## Task prompt
In the entries below, begin at the line that has "Лампочка Ресанта LL-R-A60-11W-230-4K-E27", stop after the line that has "Design apresenta as", and output those lines exactly with no pictures.

## Input material
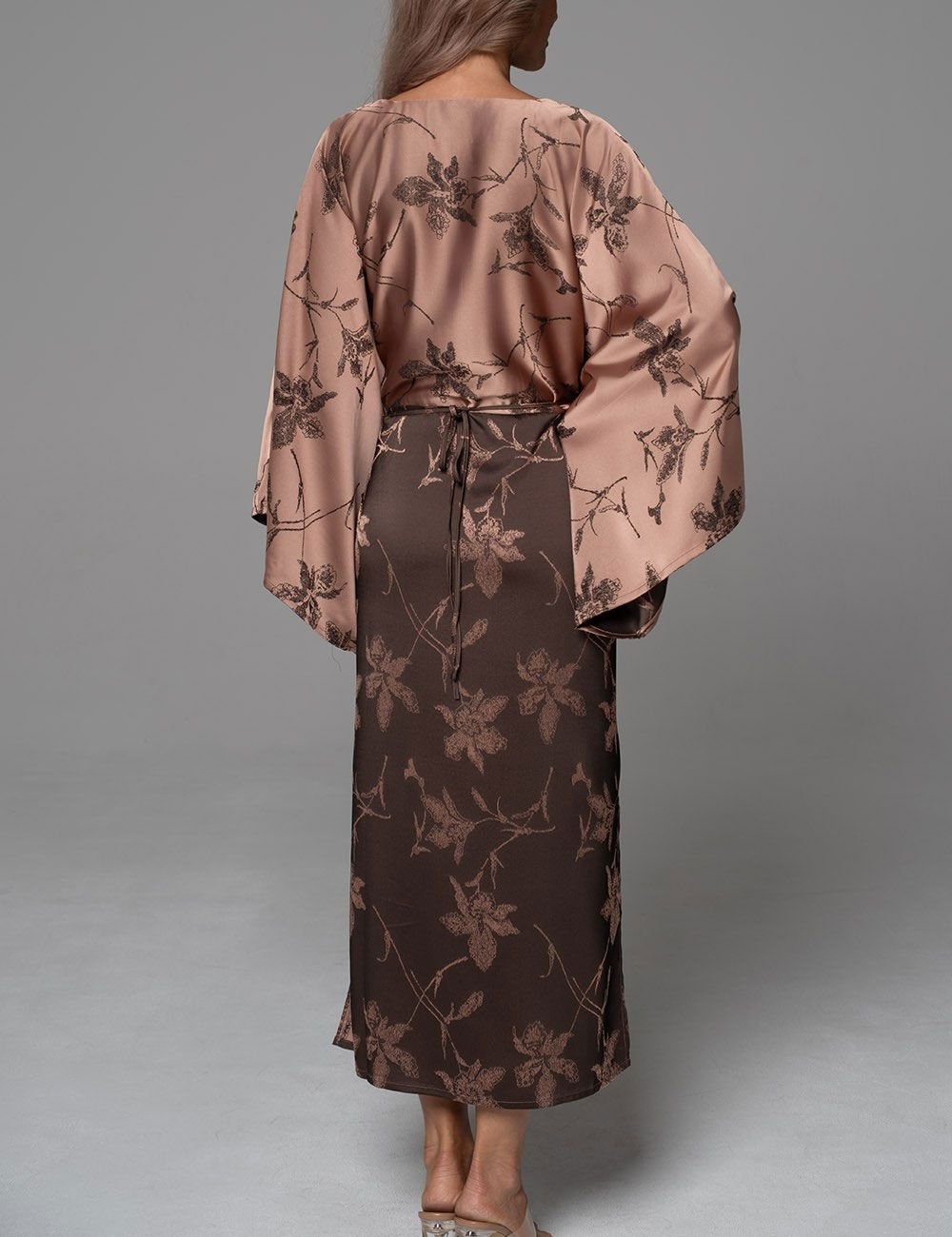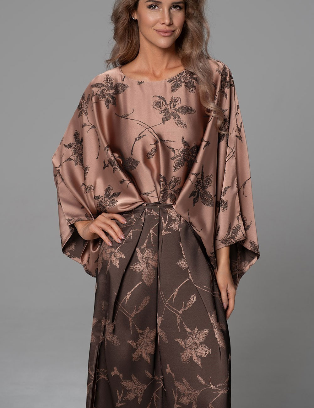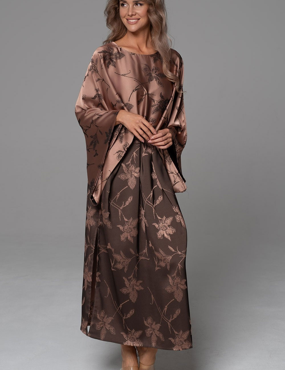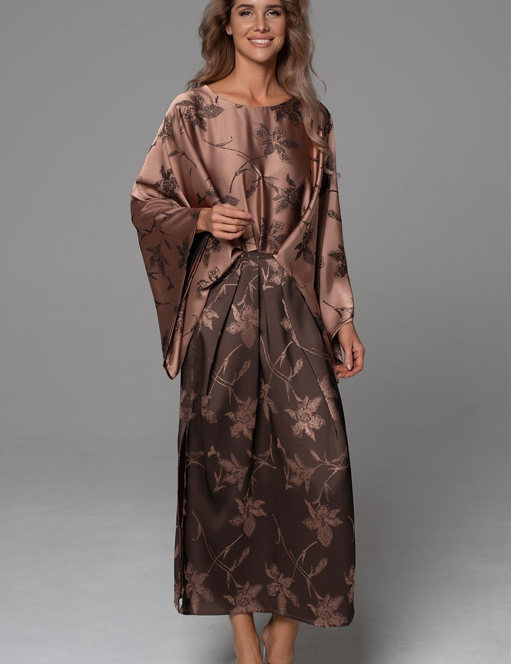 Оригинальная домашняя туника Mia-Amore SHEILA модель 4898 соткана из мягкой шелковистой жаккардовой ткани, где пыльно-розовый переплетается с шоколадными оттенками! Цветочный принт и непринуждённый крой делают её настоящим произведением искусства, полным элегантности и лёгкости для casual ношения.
...
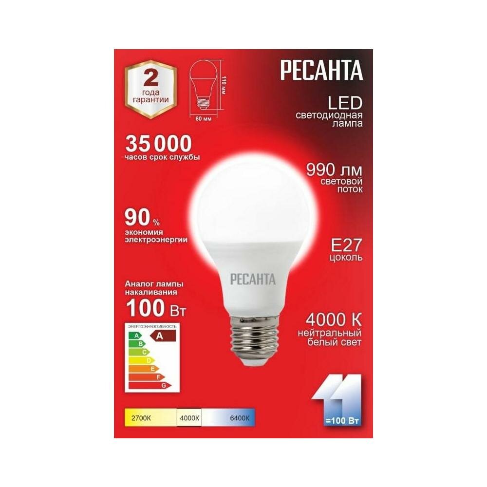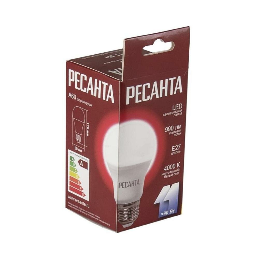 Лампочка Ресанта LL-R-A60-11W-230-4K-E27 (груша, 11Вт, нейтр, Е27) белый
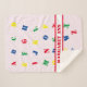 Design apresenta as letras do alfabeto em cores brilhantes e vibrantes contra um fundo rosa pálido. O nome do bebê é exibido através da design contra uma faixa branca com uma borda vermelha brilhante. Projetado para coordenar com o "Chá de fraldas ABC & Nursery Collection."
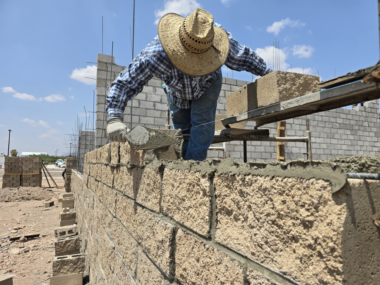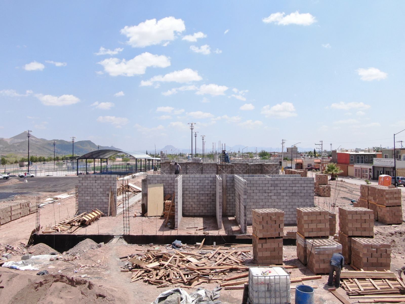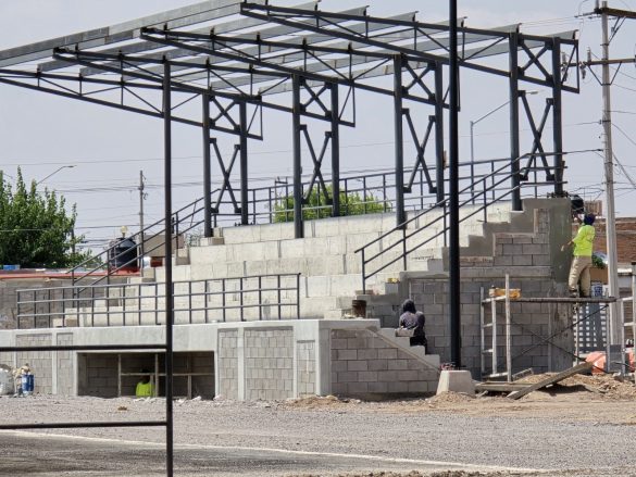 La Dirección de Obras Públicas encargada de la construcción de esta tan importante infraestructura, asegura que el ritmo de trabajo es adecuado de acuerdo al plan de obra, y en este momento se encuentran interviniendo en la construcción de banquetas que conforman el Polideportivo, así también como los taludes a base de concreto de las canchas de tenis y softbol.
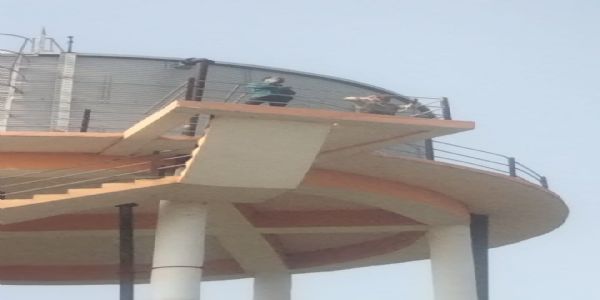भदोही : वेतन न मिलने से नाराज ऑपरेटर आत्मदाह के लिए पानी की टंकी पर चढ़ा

## Answer to the problem
 Лампочка Ресанта LL-R-A60-11W-230-4K-E27 (груша, 11Вт, нейтр, Е27) белый
 Design apresenta as letras do alfabeto em cores brilhantes e vibrantes contra um fundo rosa pálido. O nome do bebê é exibido através da design contra uma faixa branca com uma borda vermelha brilhante. Projetado para coordenar com o "Chá de fraldas ABC & Nursery Collection."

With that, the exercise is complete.